Russia’s defense minister hailed the death of “our bin Laden” as a “landmark event.” Still, Sergei Ivanov warned that the 12-year struggle with Chechen separatist rebels — which has spread across the impoverished and mainly Muslim North Caucasus in Russia’s south — was not over yet.
“The killing of that terrorist doesn’t mean that the fight against militants is over,” Ivanov said, speaking on a trip to the conflict-scarred Chechen regional capital, Grozny. “There is still work to do, and it’s being done.”
Russian newspapers reported Tuesday that Basayev’s elimination resulted from a carefully planned secret service operation that used a shipment of weapons and explosives to ensnare Basayev overnight Sunday to Monday a couple of kilometers (miles) outside the main Ingush city of Nazran.

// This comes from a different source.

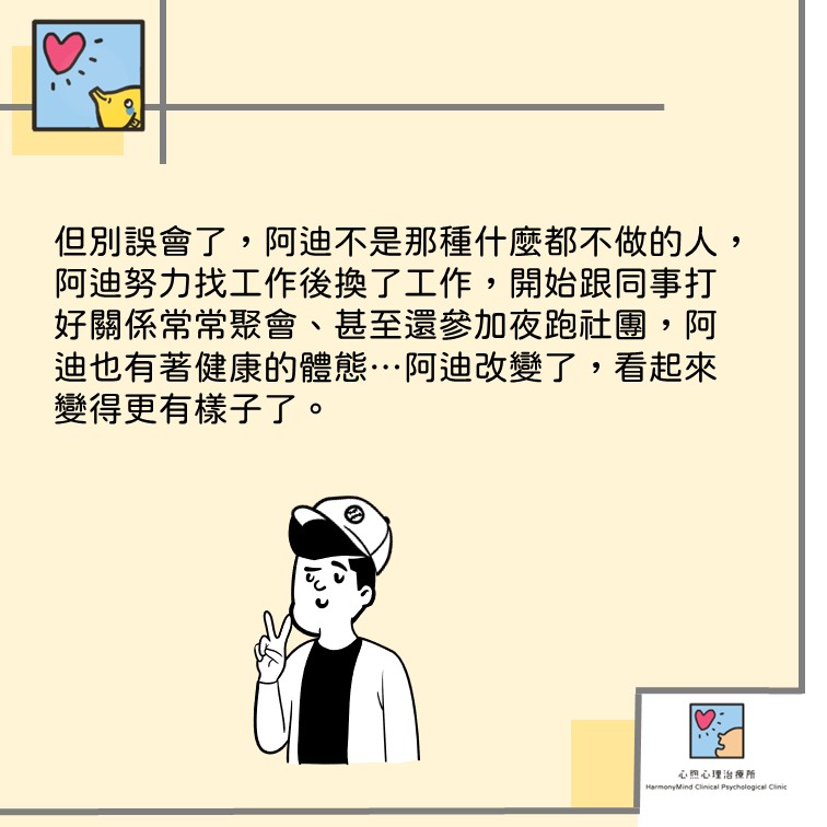 但別誤會了,阿迪不是那種什麼都不做的人,阿迪努力找工作後換了工作,開始跟同事打好關係常常聚會、阿迪學習打扮自己,阿迪安排在平日夜晚學習畫畫和游泳,甚至還參加夜跑社團,…阿迪改變了,看起來變得更有樣子了。
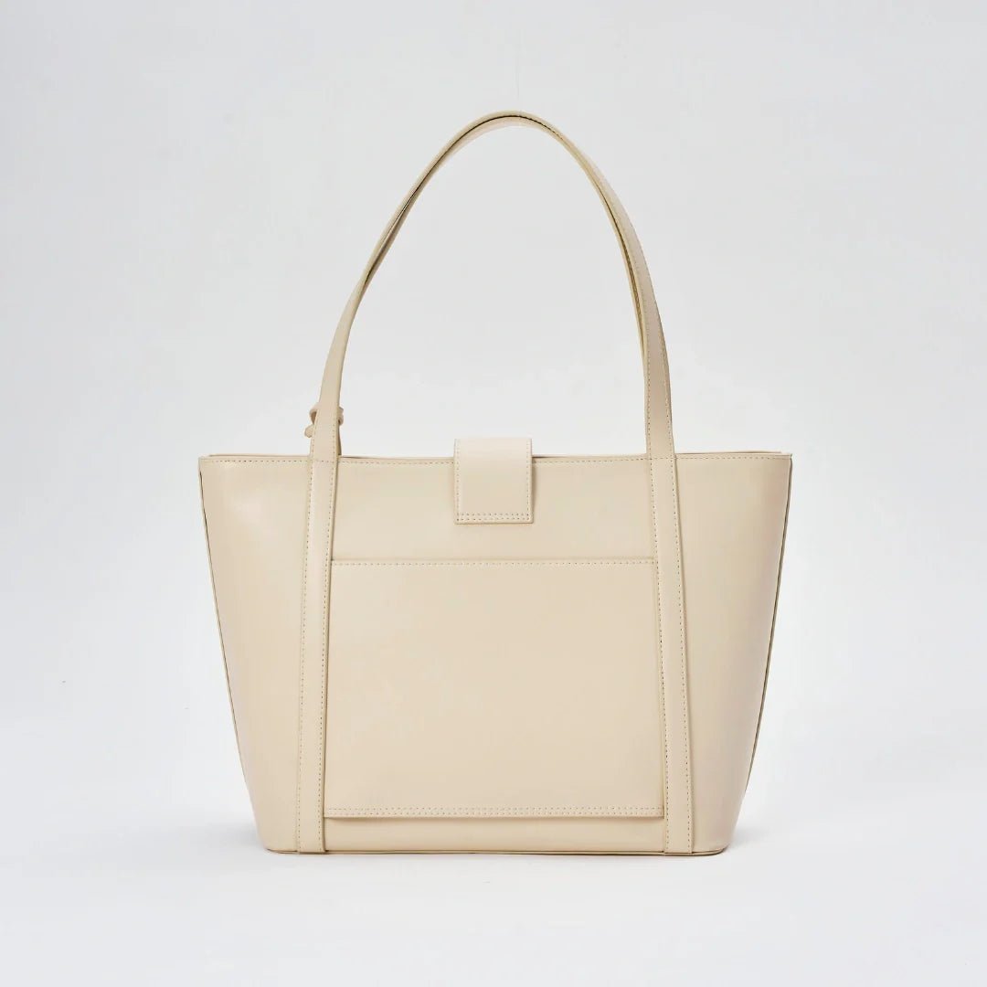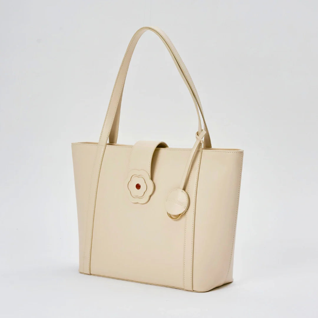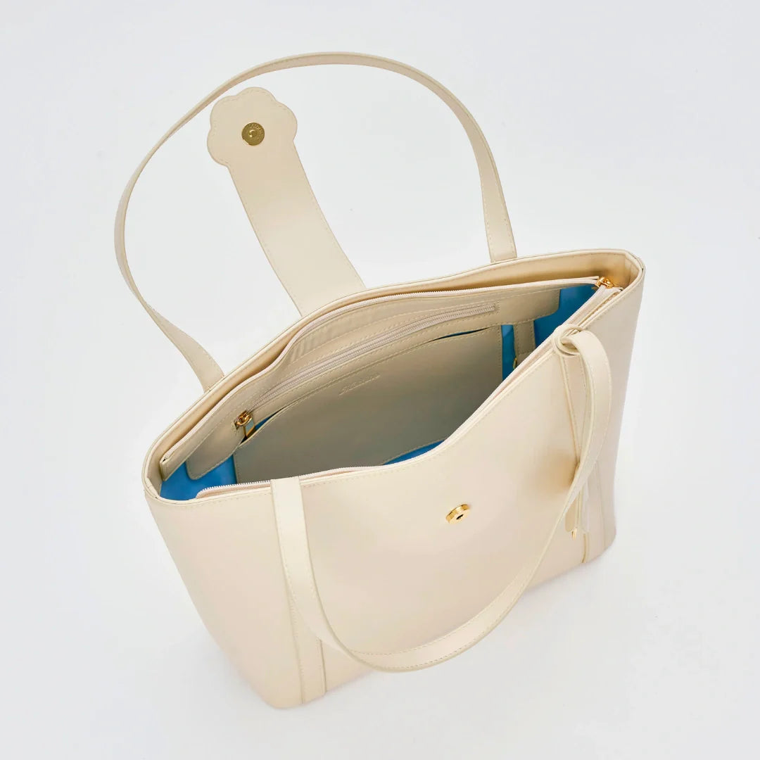 Crafted in a soft cream beige tone and finished with Machino’s signature 6-petal Hana flower clasp, this carry-on merges function with femininity. Designed with ample interior space of 33cm in length, it comfortably fits up to a 15-inch laptop, your essentials, and even includes a dedicated sleeve for your water bottle.

Unnamed security officials quoted by the Vremya Novostei daily said the preparations took six months. Intelligence agents planted in his entourage led him to a trap in which Russian special services detonated the explosives at the moment when he got near the truck, the officials said.
The Komosmolskaya Pravda daily reported that the undercover agent who was traveling in Basayev’s convoy and planted a detonator under the truck received a payment of up to US$500,000.

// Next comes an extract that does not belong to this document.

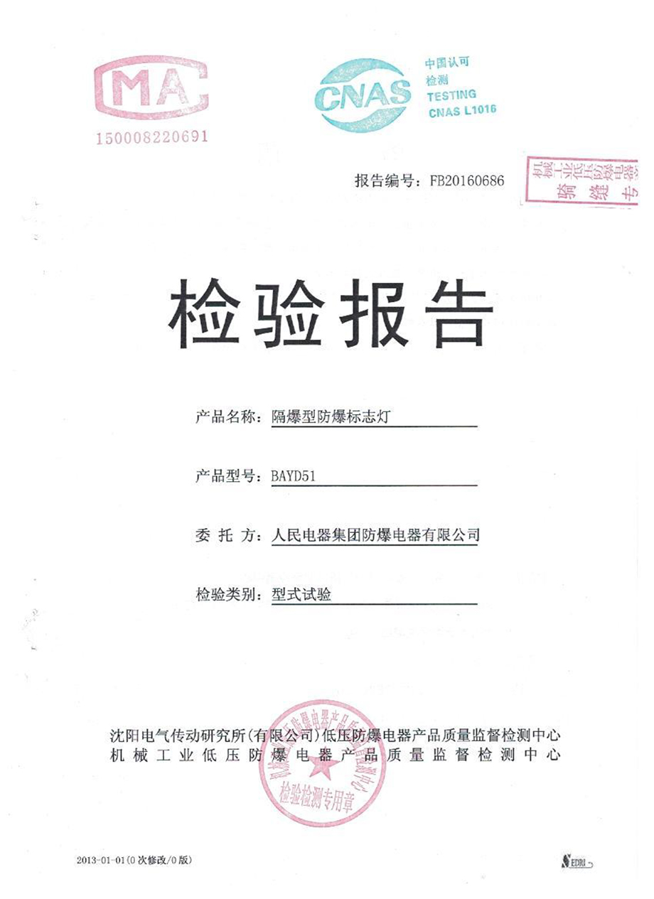 檢驗(yàn)報(bào)告:BAYD51隔爆型防爆標(biāo)志燈(型式試驗(yàn))(點(diǎn)擊下載)

But contradicting that version of events was talk of a missile strike. The ITAR-Tass news agency, citing an unidentified law enforcement official in southern Russia, reported Tuesday that Basayev had been killed by a rocket that homed in on his phone — the method used to kill Chechen separatist President Dzhokhar Dudayev in 1996.
Chechen rebel envoy Akhmed Zakayev denied that Basayev’s killing occurred during a special operation, and insisted the explosion was an accident. He said that local policemen began to suspect Basayev might be among the dead when they found the fragments of an artificial leg. Basayev, 41, lost a leg while fleeing Russian forces through a minefield on the outskirts of Grozny in 1999.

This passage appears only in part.